The long term goal is to understand the principles underlying the functional architecture of the cortex. Experiments on the visual cortex have revealed a rich organizational structure: most cortical areas possess a visuotopic map, and neurons subserving various modes of cortical response are commonly clustered together. Experiments alone, however, cannot determine the principles which govern the layout of the cortex. Thus there is a need to model the function of cortical areas and the constraints upon it. The essential function of a neuron in the visual cortex is to compare and correlate its inputs with those of other cortical neurons. Resources available to the cortex are scarce and interconnections demanded by the functionality are expensive: long connections are metabolically expensive, they slow down communication, and they reduce the cortical volume available for the neurons themselves.

This work aims to test the hypothesis that the cortical architecture of specific visual areas is determined by a balance between the functions that a cortical neuron must perform (comparing and correlating inputs) and the cost of making and maintaining the intra-cortical connections.

What is the function of a cortical neuron? In a general sense, it must compare or correlate inputs from many positions in visual space. To accomplish this it must be wired to many other neurons. Clearly, a cortical neuron cannot be wired to every other neuron. However, it is most important for it to be connected to neurons that are looking at neighboring regions of visual space. Given this requirement, we can ask: what is the best way to arrange neurons on a laminar cortex so as to minimize the wiring cost?
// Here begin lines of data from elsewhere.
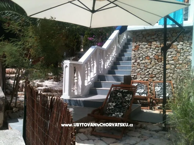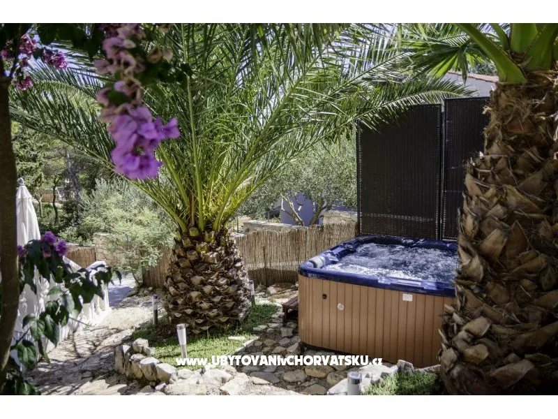 Villa Klara is a detached property that can accommodate a maximum of 9 people. It is 50 meters from the beach, located in the beautiful Osibova Bay, which provides crystal clear sea. It is an ideal place for lovers of swimming, diving and for escaping the city crowds and enjoying a vacation. The nearest grocery store is in Milna, two km away. The villa has three one-bedroom apartments. Each apartment has a separate entrance, a living room with an extra folding bed, a bedroom with a double bed, a bathroom with a shower, a kitchenette, and a terrace with a sea view. The apartments are equipped with SAT-TV, WI-FI internet, and air conditioning. On the ground floor of the villa there is a shared kitchen and a 20 m2 terrace for socializing. Within the villa, guests can enjoy and relax in the beautifully landscaped garden with a hydromassage heated pool - jacuzzi for six people, a grill, The beach for children and non-swimmers is about 50 meters away, and the beach for swimmers is a few meters away. The host will be happy to provide you with a boat mooring, which is a hundred meters away from the Villa, and to direct you to the attractions of the island of Brač. A pleasant stay on Brač due to the mild climate, many sunny days and warm sea is possible from the beginning of May to the end of October. Parking space for three vehicles in front of the villa. Arrival and departure: check-in from 16:00, check-out no later than 10:00. Deposit: 30% by bank transfer, and the remaining 70% by payment before arrival or when collecting the keys. Cancellation fee: 0 - 60 days before the arrival date no refund, 61 and more days before arrival 90% refund. Pets are not allowed. Parties / events are not allowed.
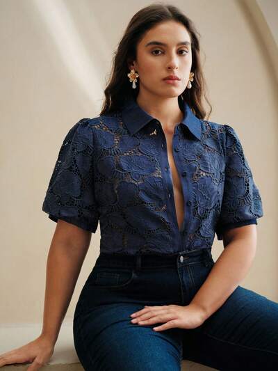 レーストップ プラスサイズ レディース、フィット感、エレガント、多用途、セミシアー プルオーバートップ-35%
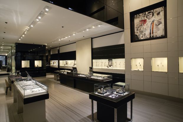 Cartier a discrètement ouvert le 17 août en pleine torpeur estivale. Avec son voisin Bucherer, elle partage même un couloir, qui permet de passer d’une boutique à l’autre. TAG Heuer a préféré faire bande à part, avec sa propre entrée.
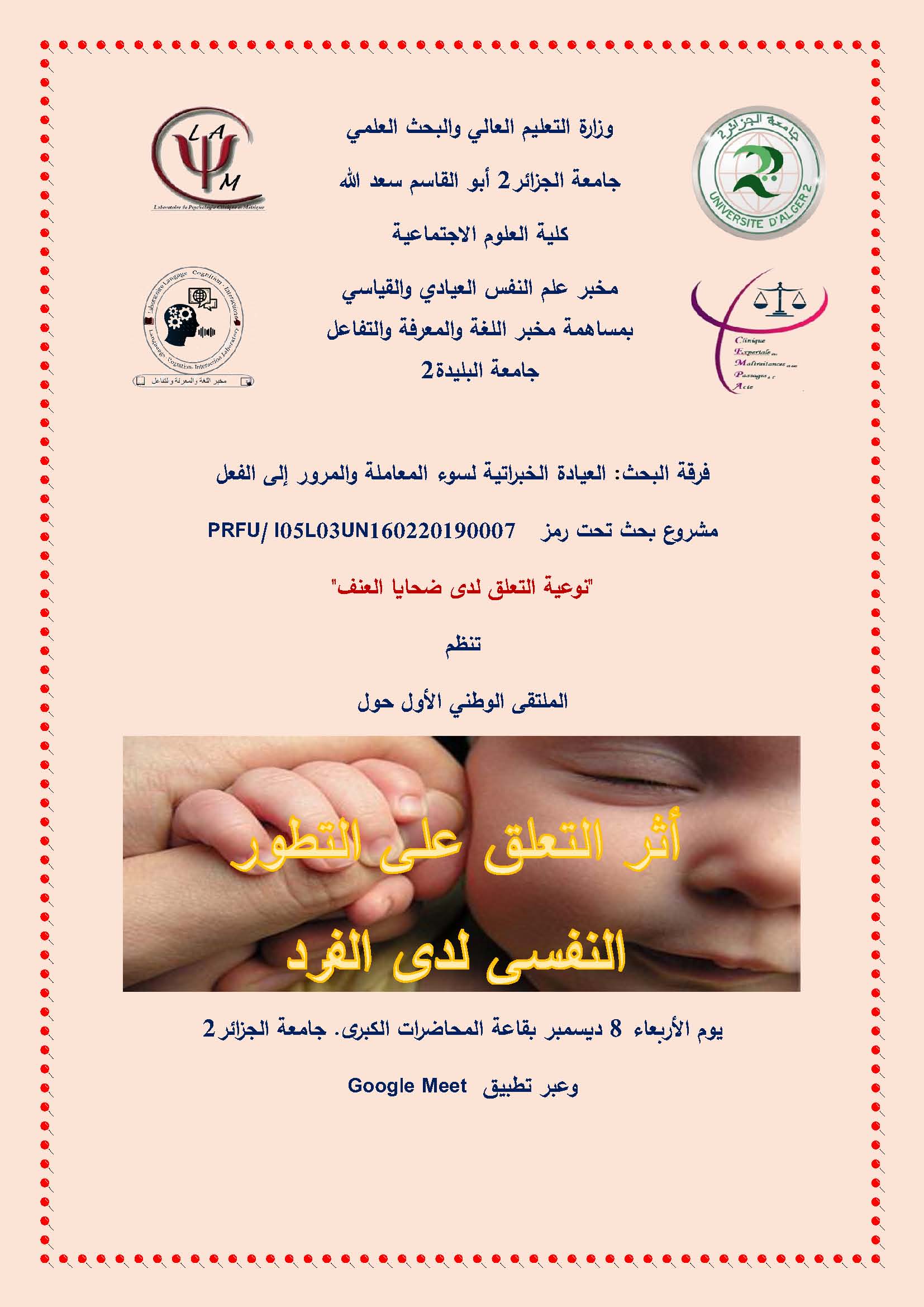 Call for participation to the National Conference on the Impact of the Attachment on the Psychological Development of the individual Written on 14 November 2021. Hits: 1268 تحميل المطوية تحميل ملف الملتقى

We define a metric of the architectural efficiency of a particular layout. The metric then equips us to

• Evaluate the efficiency of a particular (perhaps experimentally measured) layout.
• Rearrange to locations of neurons on a fictitious, computational cortex in order to find the most efficient arrangement.

Retinotopic map

The figure shows a simulation of the visuotopic map of macaque V1. The computational "V1" is approximately the shape of flattened macaque V1. The shows the optimum configuration of cortical neurons found after simulated annealing from a random initial configuration. The left panel is a map of the eccentricity of each cortical neuron's receptive field (shown as a gray scale), and the bottom panel shows the azimuthal angle on a color scale. Thus the receptive field location of a particular computational "neuron" is obtained by reading the eccentricity from the top panel and the azimuthal angle from the bottom panel. Neurons shaded dark gray have receptive fields lying close to the fovea, while those drawn in white look at peripheral regions out to about 70 degrees. The amount of cortex devoted to foveal regions is apparent from the amount of dark gray in the picture. The distribution of eccentricities was chosen so that the cortical magnification factor obeys the measured form.

The position of the foveal representation (F), at the far left hand of V1 is in the right place, as is the approximate location of the horizontal meridian, which ends at H on the far right. In common with real V1, the peripheral regions of the hemifield are represented around the edges of the computational V1. It should also be noted that the map is smooth. Although this was not built into the mode: it would have been possible for the map to have been discontinuous. In the optimum configuration neurons with nearby receptive fields are placed close together, and it is efficient to place neurons with distant receptive fields far apart on the cortex. The inefficiency for this optimized layout was 323, compared with 630 for the mean of 10 random configurations.

Orientation pinwheels

This picture shows the result of a simulation of a small patch of cortex whose neurons are selective for orientation as well as having different receptive field locations.

The computation, which started from a random configuration of cortical neurons, involved 8 x 8 "retinal neurons" which projected to 64 x 64 "cortical neurons". The picture shows the orientation preference (between 0 and 180 degrees) of the neuron at each location. The orientation map is not as regular as experimentally observed configurations, but it consists of pinwheels. The superimposed black lines delineate regions in which the receptive field locations are similar. In each of these regions the orientation preferences are arranged as a single pinwheel, so they might be regarded as the analogues of hypercolumns, since each one contains the necessary machinery to process the full range of orientations for a particular point in visual space.

Ocular dominance columns and cortical shear

When the visuotopic map is uniform small circles in visual space are represented by small circles on the cortex. In general, however, the visuotopic map is not completely isotropic and transforms small circles in visual space into ellipses on the cortex. The major axes of the ellipses define the local directions in which the visuotopic map is most stretched.

Recent optical imaging measurements by Blasdel suggest that the boundaries of ocular dominance columns in monkeys run perpendicular to this direction of maximum stretch.

In order to investigate this effect, an optimisation calculation was performed in which the distribution of receptive fields was set up so that the visuotopic map would be anisotropic. The final configuration is shown in the picture. Red and green code neurons responding to left and right eye stimulation. The direction and magnitude of maximum stretch in the visuotopic map for the final configuration was calculated, and is shown by orientation and length of the black and red lines. In the optimised layout the ocular dominance column boundaries are approximately perpendicular to the stretch in the retinotopic map. Although the simulation is crude it concurs qualitatively with Blasdel's measurements and suggests an explanation for the phenomenon.

Young and Scannell give an interesting review of instances in which biological wiring length is not minimised.